Conscious Relaxation Techniques: How to Unplug, Reset and Revitalize
Article At A Glance
Most of us need to unplug and relax. Conscious relaxation takes only a few minutes and can lead to greater vitality and overall well-being. When we relax, our blood pressure, heart rate, digestive functioning, and hormonal levels shift toward balance. Our brain waves typically slow down, and we can experience a blissful state of well-being.
Author Anne Lamott said, “Almost everything will work again if you unplug it for a few minutes … including you.” Finding healthy, productive ways to unplug is important during stressful, difficult times. The practice of conscious relaxation can do that for you.
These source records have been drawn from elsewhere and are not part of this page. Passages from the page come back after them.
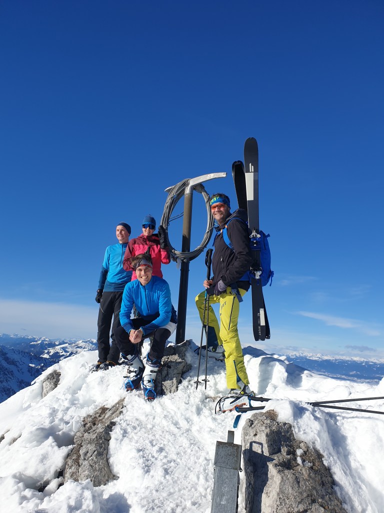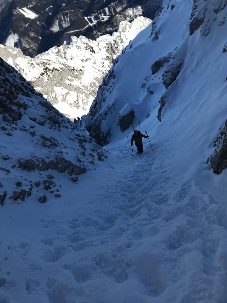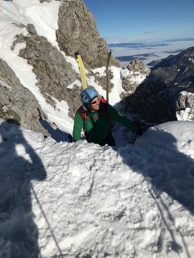 Zustieg über die Langlaufloipe Richtung Wertatschakar. Weiter über die Pautzrinne bis zur Zlebscharte. Rinne bis kurz vor Ende mit Ski begehbar, die letzten Meter in leichter Kletterei zur Scharte. Von der Scharte weiter mit Skiern zum Einstieg in die Y-Rinne. Die Rinne mit Steigeisen und Skiern am Rücken hinauf bis zum Gipfel. Bedingungen in der Rinne sehr gut – schöne Tritte und weicher Schnee.
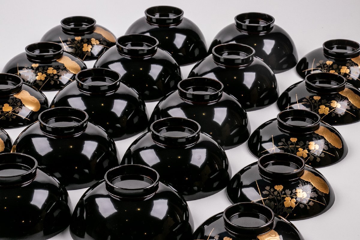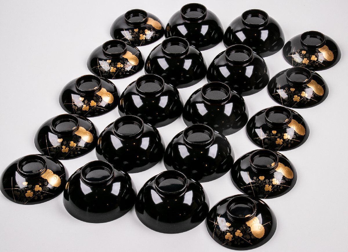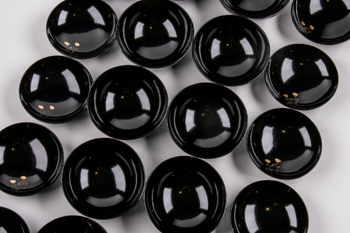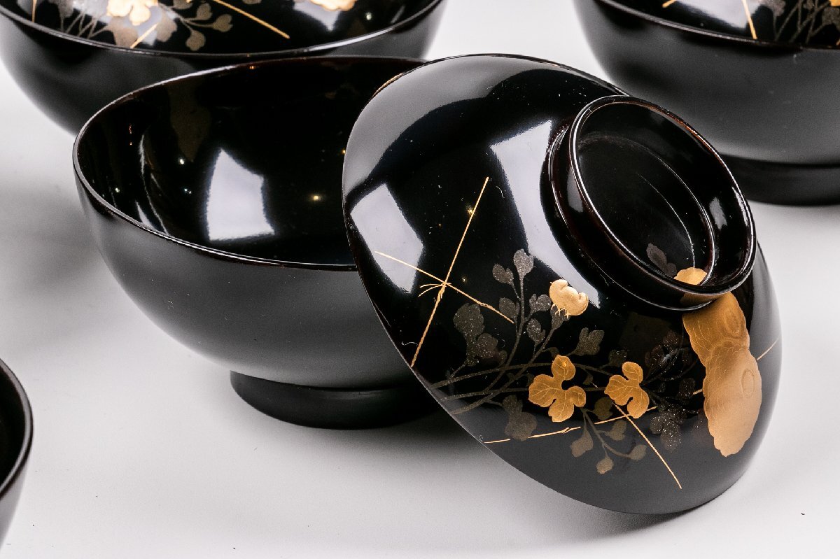 【うつわ】 真塗菊花蒔絵 吸物椀 5客 E1416 バラ売り可能です 古美術 骨董 古玩 和食器 漆芸 日本料理 懐石 料亭
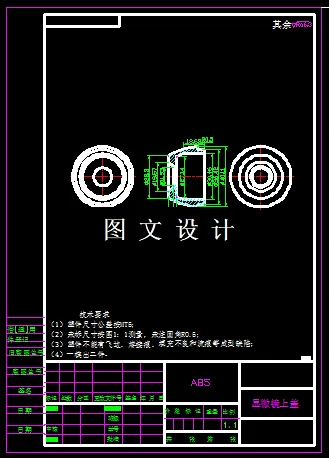 此零件为上盖零件,零件的外形是圆形结构,只是零件的外形尺寸比较小,结合生产需求,选择一模两腔结构,零件的端面是规则形状,因此将此处设计成分型面,侧面设计浇口,合理分布后,计算凹模壁厚,型腔尺寸,以及模具的外形尺寸,选择两板模标准模架,绘制模具结构图和零件图,选择合适的注塑机。

Reduce stress, and anxiety and increase inner awareness as you experience deeper relaxation by incorporating conscious relaxation techniques in your daily life.
What Is Consciousness?
First: What does it mean to be conscious?
That depends on who you ask and what level of being conscious you want to work on. Consciousness, at its simplest, is awareness of internal or external existence and experience. It is the most familiar and yet the most mysterious aspect of our lives in Earth school.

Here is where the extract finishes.